▶ _Collected data_:
○ ○ ○ ○ ○
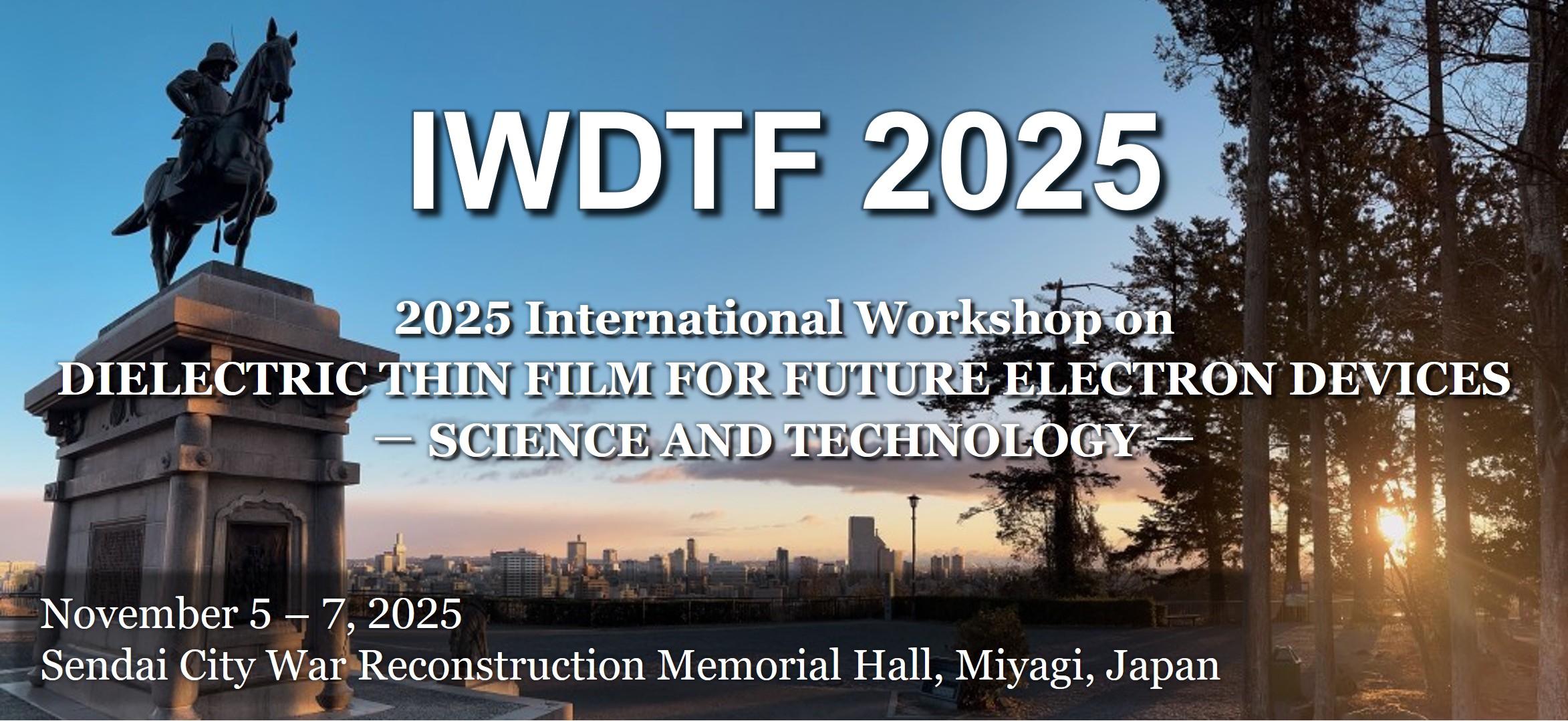 The 2025 International Workshop on “Dielectric Thin Films for Future Electron Devices: Science and Technology” (IWDTF2025) will be held at the Sendai City War Reconstruction Memorial Hall in Sendai, Japan, from November 5th to 7th, 2025. The IWDTF started in 1999, based on a domestic annual workshop on ultrathin silicon dioxide films. The IWDTF2025 is the twelfth workshop, which will focus on the science and technologies of dielectric films for electron devices, such as ultrathin dielectrics, high-k dielectrics, and ferroelectrics. In addition to the papers on materials and processes of dielectrics for conventional logic devices, the papers for various electron devices including memory, power, analog, sensor, and display devices are welcomed. The IWDTF will provide a great opportunity for information exchange and discussion at the forefront of the research on future electron devices. The papers on both experimental and theoretical studies, for a deep understanding of the properties of dielectric films and their interfaces, are welcomed. The workshop will consist of invited and contributed talks. Selected topics of current interests will be reviewed by several invited talks.
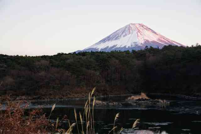 氷が張った『精進湖』と【富士山】!!
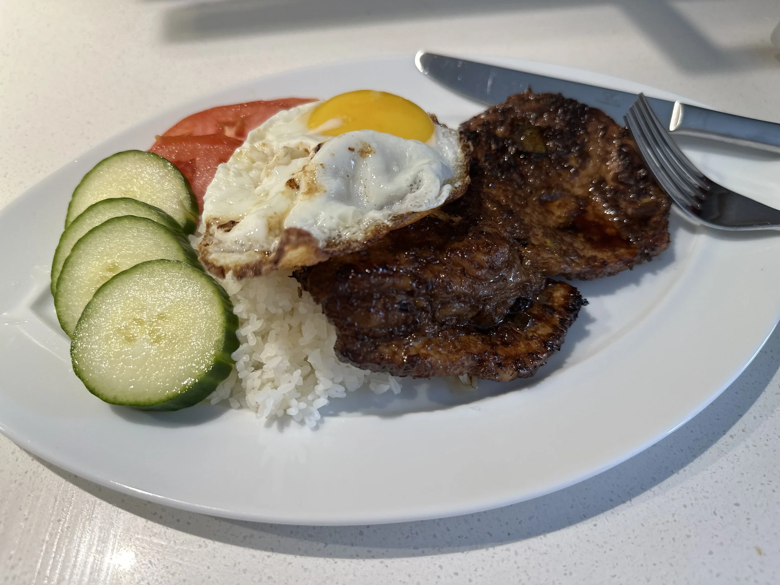 The star of the plate was always a lemongrass pork chop, fragrant and caramelized, topped with sautéed green onions. Next to it, a fried egg with golden, crispy edges rested gently over the rice.
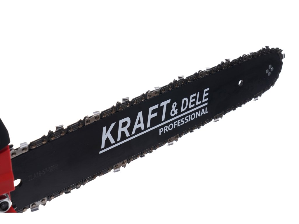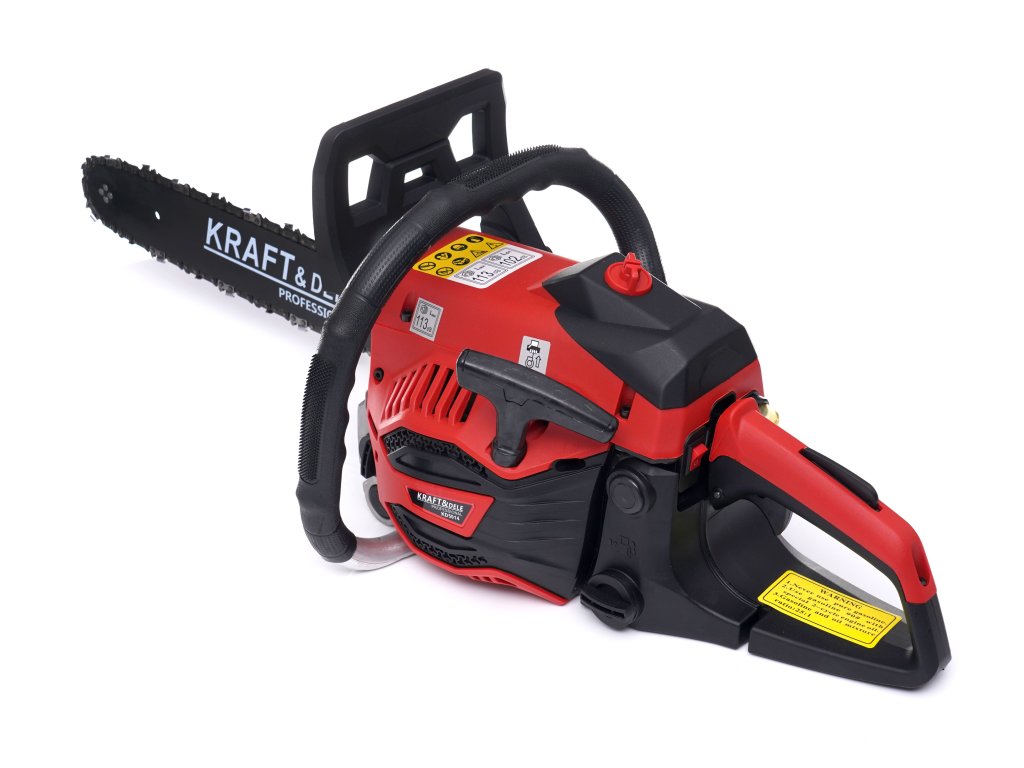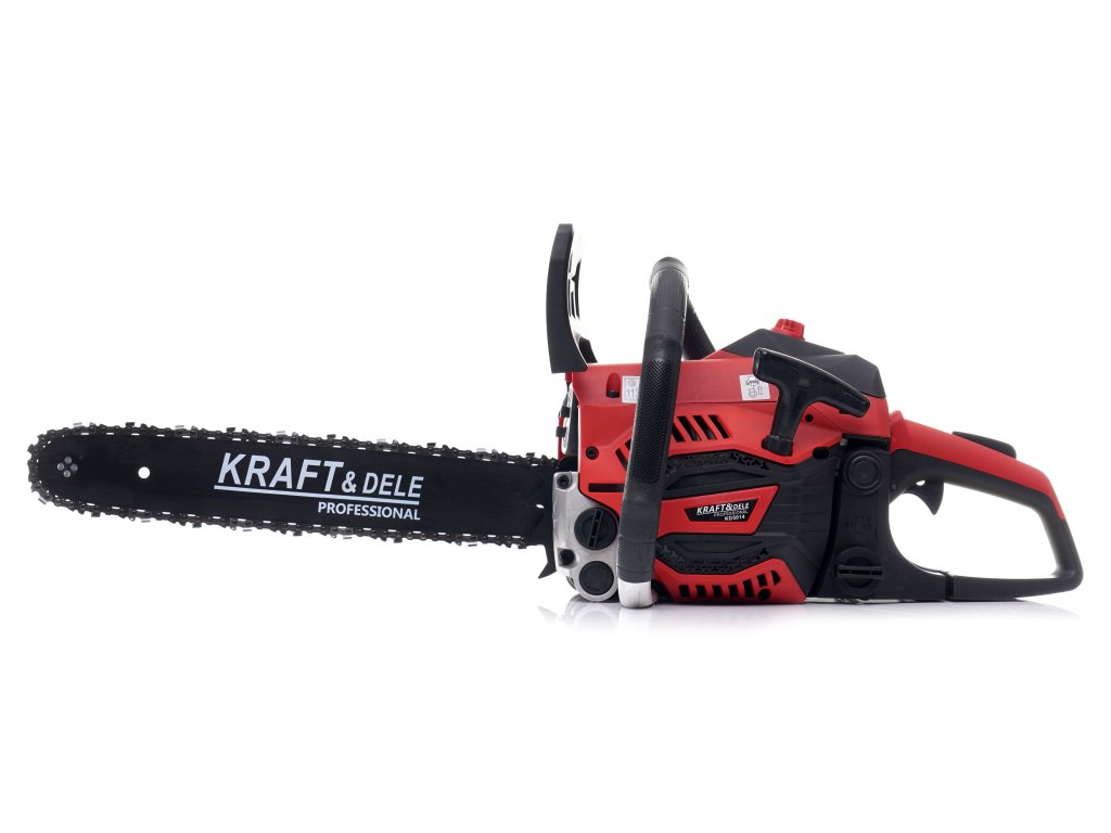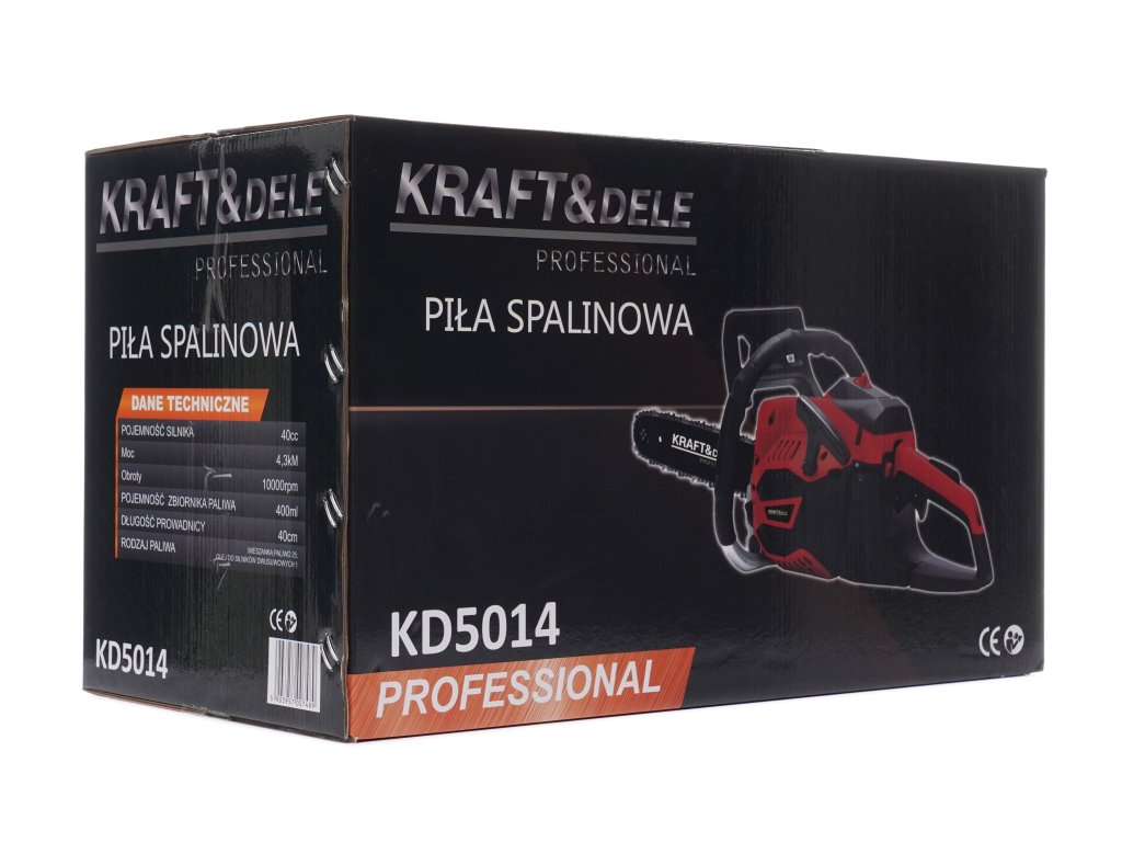 Drujbă pe benzină 4,3 kW / 40 cm KD5014, marca KRAFT&DELE, cu puterea de 4,3 kW, se numără printre cele mai dinamice, având o construcție compactă și robustă. Funcționează fiabil chiar și după mulți ani de utilizare în lucrări cu lemnul, în agricultură, la fermă sau în livadă.
○ ○ ○ ○ ○
▶ _Exercise brief_: Set down the material exactly, every line of it, except for the pictures.

▶ _Written response_:
 The 2025 International Workshop on “Dielectric Thin Films for Future Electron Devices: Science and Technology” (IWDTF2025) will be held at the Sendai City War Reconstruction Memorial Hall in Sendai, Japan, from November 5th to 7th, 2025. The IWDTF started in 1999, based on a domestic annual workshop on ultrathin silicon dioxide films. The IWDTF2025 is the twelfth workshop, which will focus on the science and technologies of dielectric films for electron devices, such as ultrathin dielectrics, high-k dielectrics, and ferroelectrics. In addition to the papers on materials and processes of dielectrics for conventional logic devices, the papers for various electron devices including memory, power, analog, sensor, and display devices are welcomed. The IWDTF will provide a great opportunity for information exchange and discussion at the forefront of the research on future electron devices. The papers on both experimental and theoretical studies, for a deep understanding of the properties of dielectric films and their interfaces, are welcomed. The workshop will consist of invited and contributed talks. Selected topics of current interests will be reviewed by several invited talks.
 氷が張った『精進湖』と【富士山】!!
 The star of the plate was always a lemongrass pork chop, fragrant and caramelized, topped with sautéed green onions. Next to it, a fried egg with golden, crispy edges rested gently over the rice.
 Drujbă pe benzină 4,3 kW / 40 cm KD5014, marca KRAFT&DELE, cu puterea de 4,3 kW, se numără printre cele mai dinamice, având o construcție compactă și robustă. Funcționează fiabil chiar și după mulți ani de utilizare în lucrări cu lemnul, în agricultură, la fermă sau în livadă.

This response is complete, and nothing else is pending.